*WORK INSTRUCTION*
An exact, picture-free copy of the listing is required.

*COLLECTED DATA*

━━━━━━━━━━━━━━━━━━━━━━━━━━━━━━

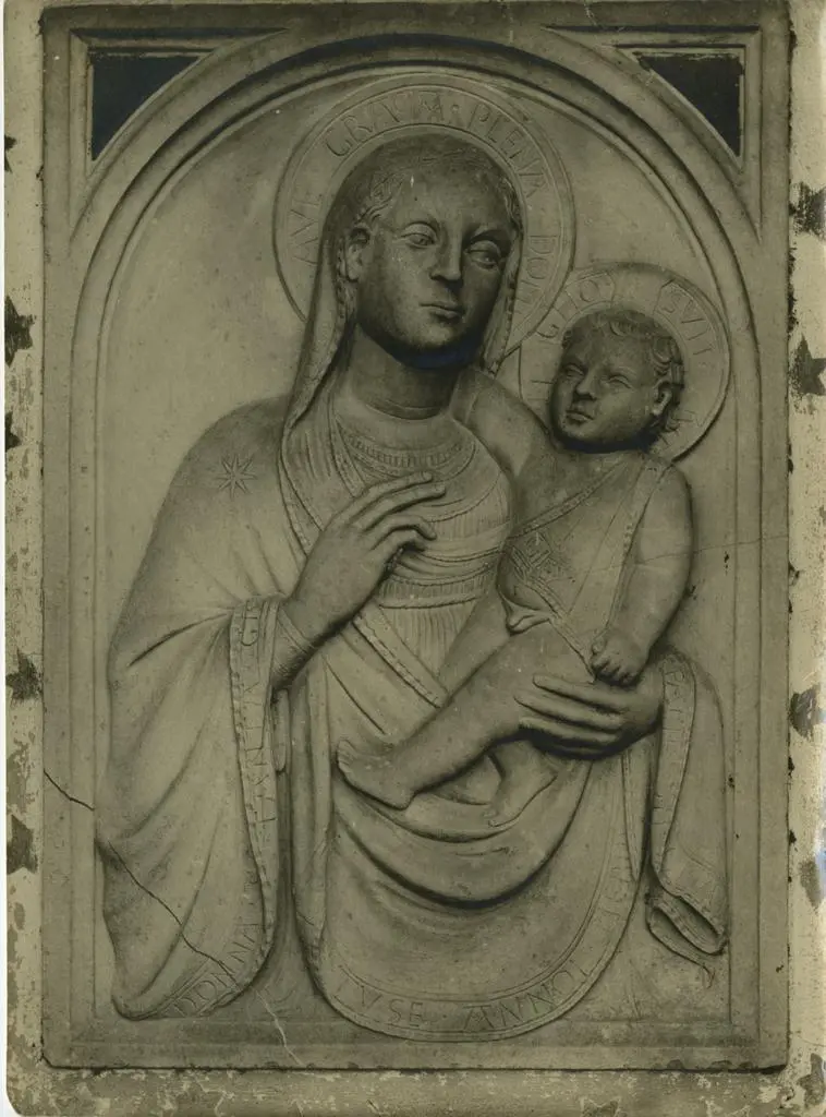 Gabinetto Fotografico della Soprintendenza Speciale per il Patrimonio Storico, Artistico ed Etnoantropologico e per il Polo Museale della città di Firenze , Firenze - Rovezzano (Mulino). Vergine col Bambino: Bassorilievo in marmo (scuola Fiorentina). sec. XIV. 21X27
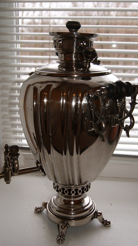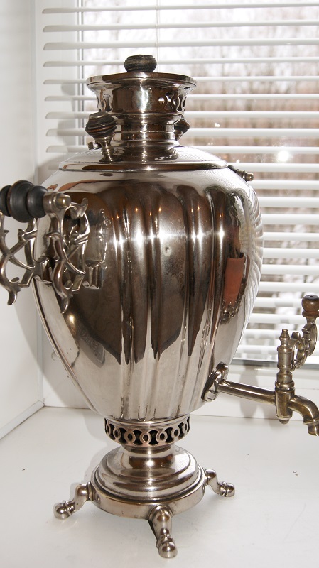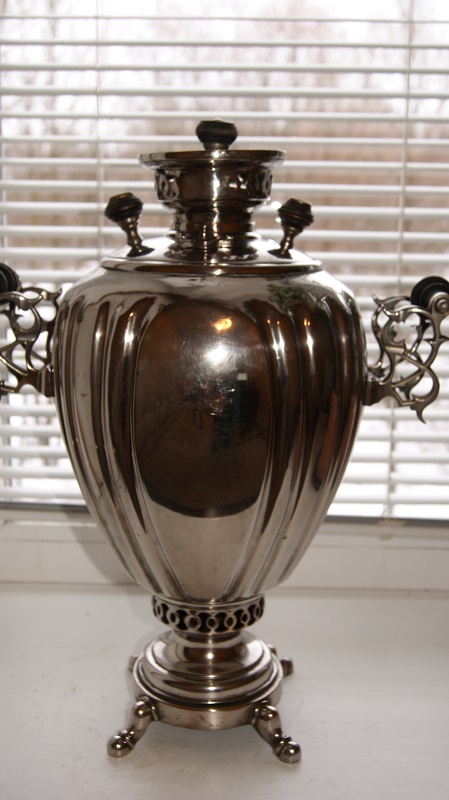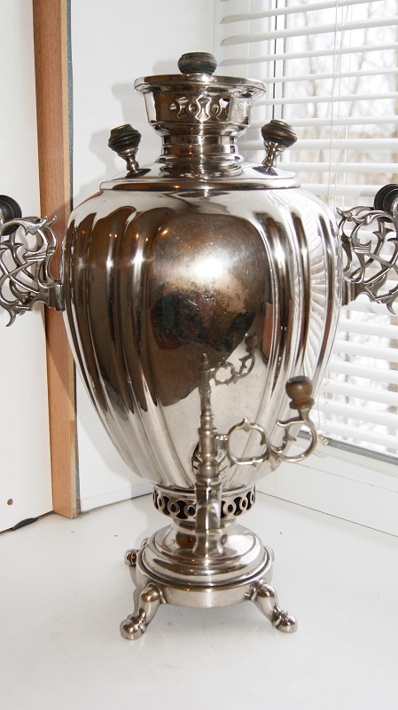 Вот такой самоварчик.Можно сказать очень не плохое состояние.никель возможно вторичный,но крепкий.Нигде не шелушится и не отстает.Внутри как новый,накипи совсем нет.пользовались им повидимому совсем немного.Будут вопросы,пишем спрашиваем.С ценой чуть позже.
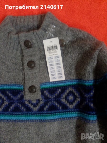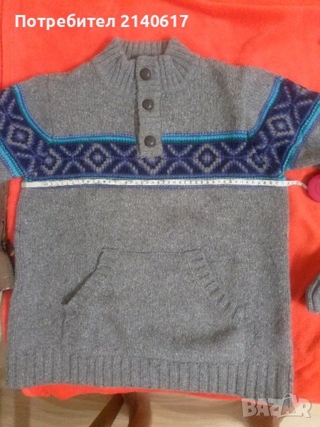 Нов пуловер за момче 14 г. на френската марка за деца OKAidi. Отлично съчетание на цвят, състав и качество. Цена в магазин 73лв. ПОД Мишници-49см; Дължина-63см; Ръкав-63см. С преглед и тест.

━━━━━━━━━━━━━━━━━━━━━━━━━━━━━━

*PROBLEM SOLUTION*
 Gabinetto Fotografico della Soprintendenza Speciale per il Patrimonio Storico, Artistico ed Etnoantropologico e per il Polo Museale della città di Firenze , Firenze - Rovezzano (Mulino). Vergine col Bambino: Bassorilievo in marmo (scuola Fiorentina). sec. XIV. 21X27
 Вот такой самоварчик.Можно сказать очень не плохое состояние.никель возможно вторичный,но крепкий.Нигде не шелушится и не отстает.Внутри как новый,накипи совсем нет.пользовались им повидимому совсем немного.Будут вопросы,пишем спрашиваем.С ценой чуть позже.
 Нов пуловер за момче 14 г. на френската марка за деца OKAidi. Отлично съчетание на цвят, състав и качество. Цена в магазин 73лв. ПОД Мишници-49см; Дължина-63см; Ръкав-63см. С преглед и тест.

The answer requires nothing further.